(Records drawn from a dataset)
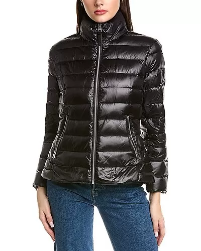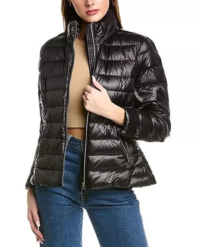 - Davina Short Down Jacket in black with quilted design, stand-up collar, hidden hood, and two zippered front pockets
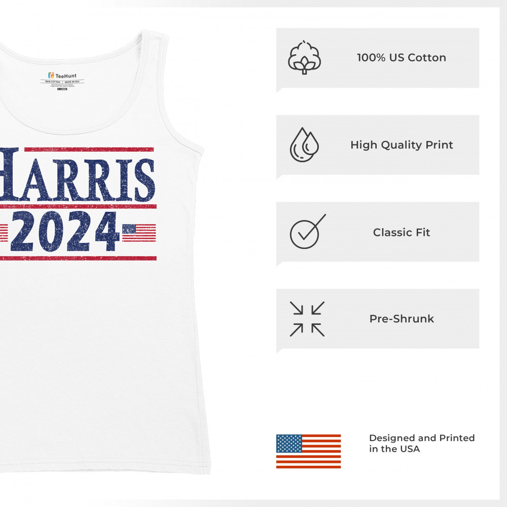 Express your support for Kamala Harris with our "Harris 2024" t-shirt. This design features bold text and American flags, perfect for rallies, events, and everyday wear. Made from high-quality materials, this shirt offers both comfort and durability. It's an ideal choice for those who believe in a progressive future and want to show their support for the first female president. Wear it with pride and make a statement!
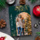 Golden Arch Green Boho Photo Holiday Minimalist Christmas Invitation card
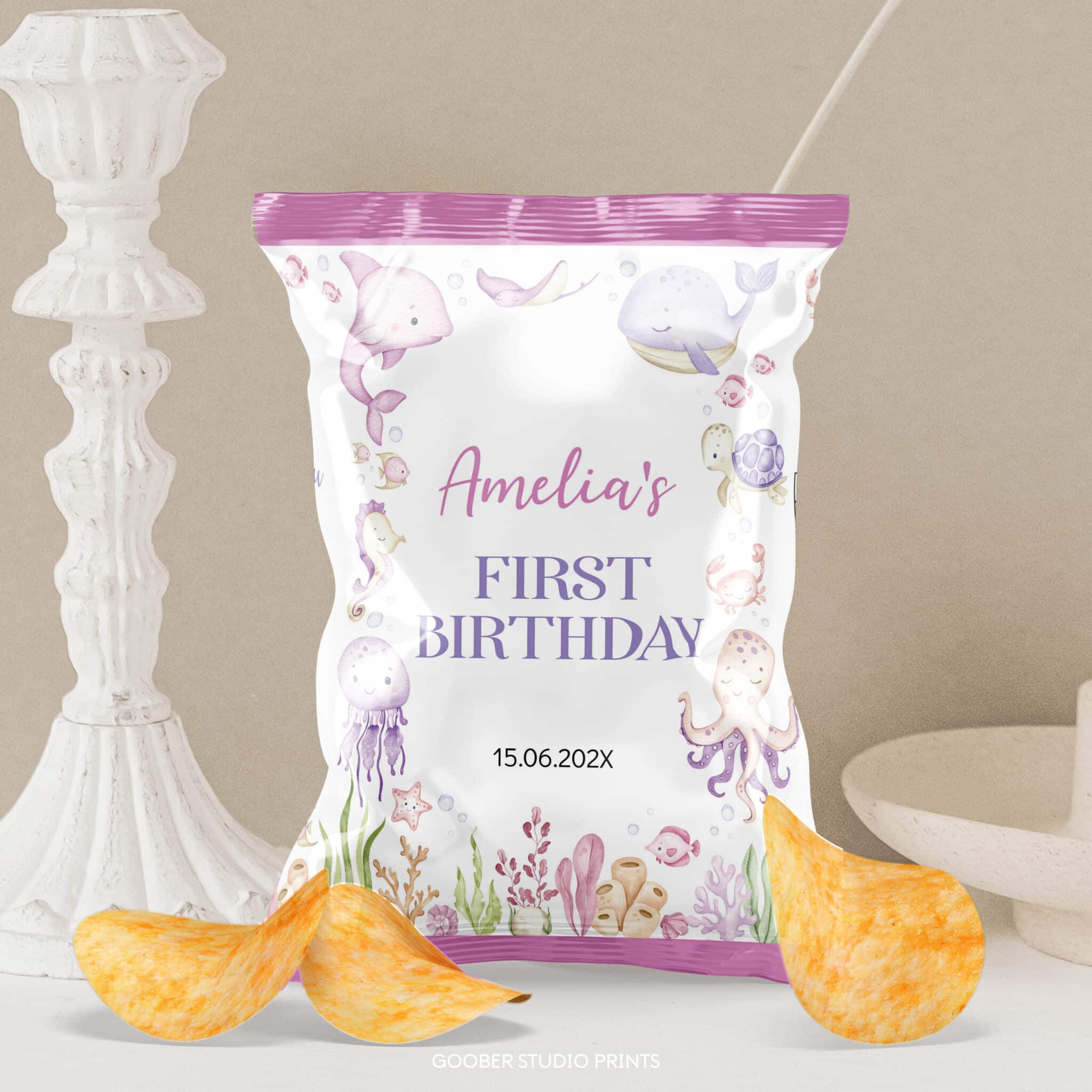 Bring under the sea magic to your girl’s birthday with our pastel ocean animals chip bag. Featuring a soft watercolor design with whales, turtles, and jellyfish, this printable is perfect for an ocean themed birthday party. Personalize with your child’s name and age for a sweet custom touch, then print and assemble at home for an easy party favor. A fun and festive addition to any girl birthday celebration.
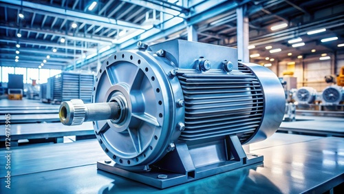 Industrial electric motor with gears in a factory environment
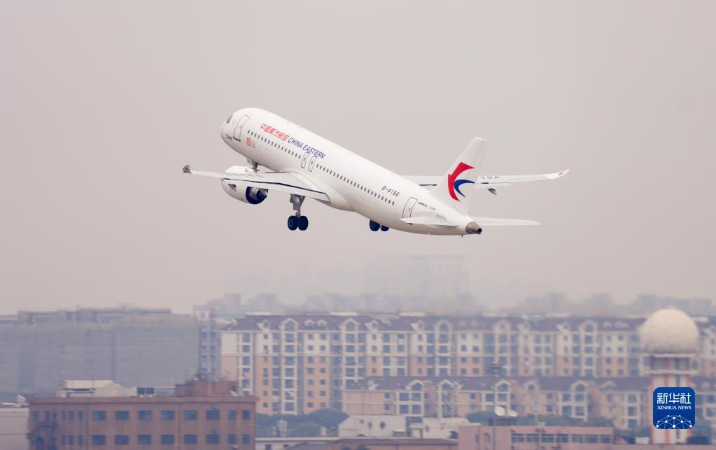 12月26日,國產(chǎn)大飛機C919在上海虹橋國際機場起飛。新華社發(fā)
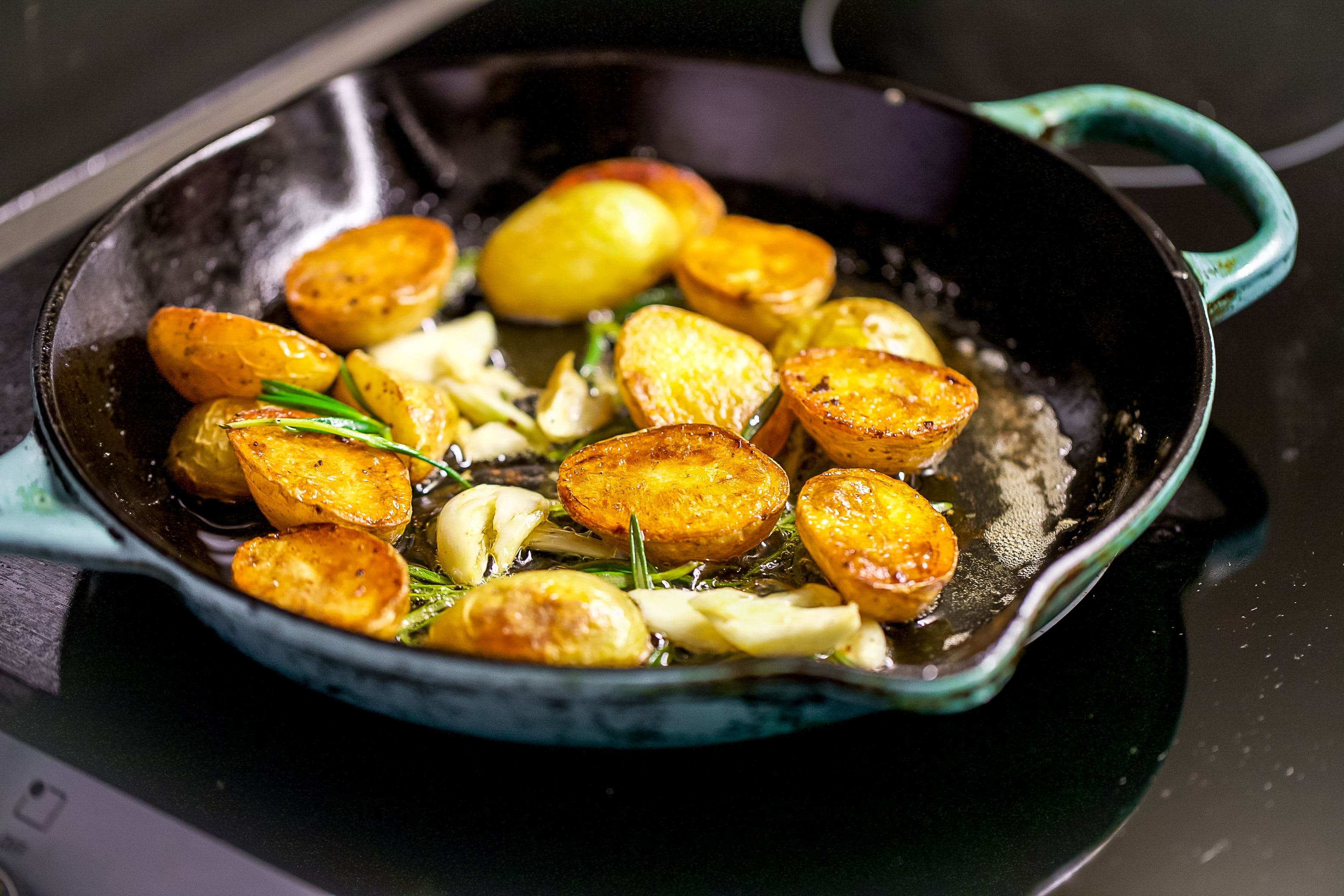 Turn the heat down to low and add the garlic and rosemary to the skillet with the potatoes and toss to combine. Cook for three to four minutes, until the garlic is fragrant.

• _Goal of the exercise_
Produce an exact copy of every line above, with the images left out.

• _Problem solution_
 - Davina Short Down Jacket in black with quilted design, stand-up collar, hidden hood, and two zippered front pockets
 Express your support for Kamala Harris with our "Harris 2024" t-shirt. This design features bold text and American flags, perfect for rallies, events, and everyday wear. Made from high-quality materials, this shirt offers both comfort and durability. It's an ideal choice for those who believe in a progressive future and want to show their support for the first female president. Wear it with pride and make a statement!
 Golden Arch Green Boho Photo Holiday Minimalist Christmas Invitation card
 Bring under the sea magic to your girl’s birthday with our pastel ocean animals chip bag. Featuring a soft watercolor design with whales, turtles, and jellyfish, this printable is perfect for an ocean themed birthday party. Personalize with your child’s name and age for a sweet custom touch, then print and assemble at home for an easy party favor. A fun and festive addition to any girl birthday celebration.
 Industrial electric motor with gears in a factory environment
 12月26日,國產(chǎn)大飛機C919在上海虹橋國際機場起飛。新華社發(fā)
 Turn the heat down to low and add the garlic and rosemary to the skillet with the potatoes and toss to combine. Cook for three to four minutes, until the garlic is fragrant.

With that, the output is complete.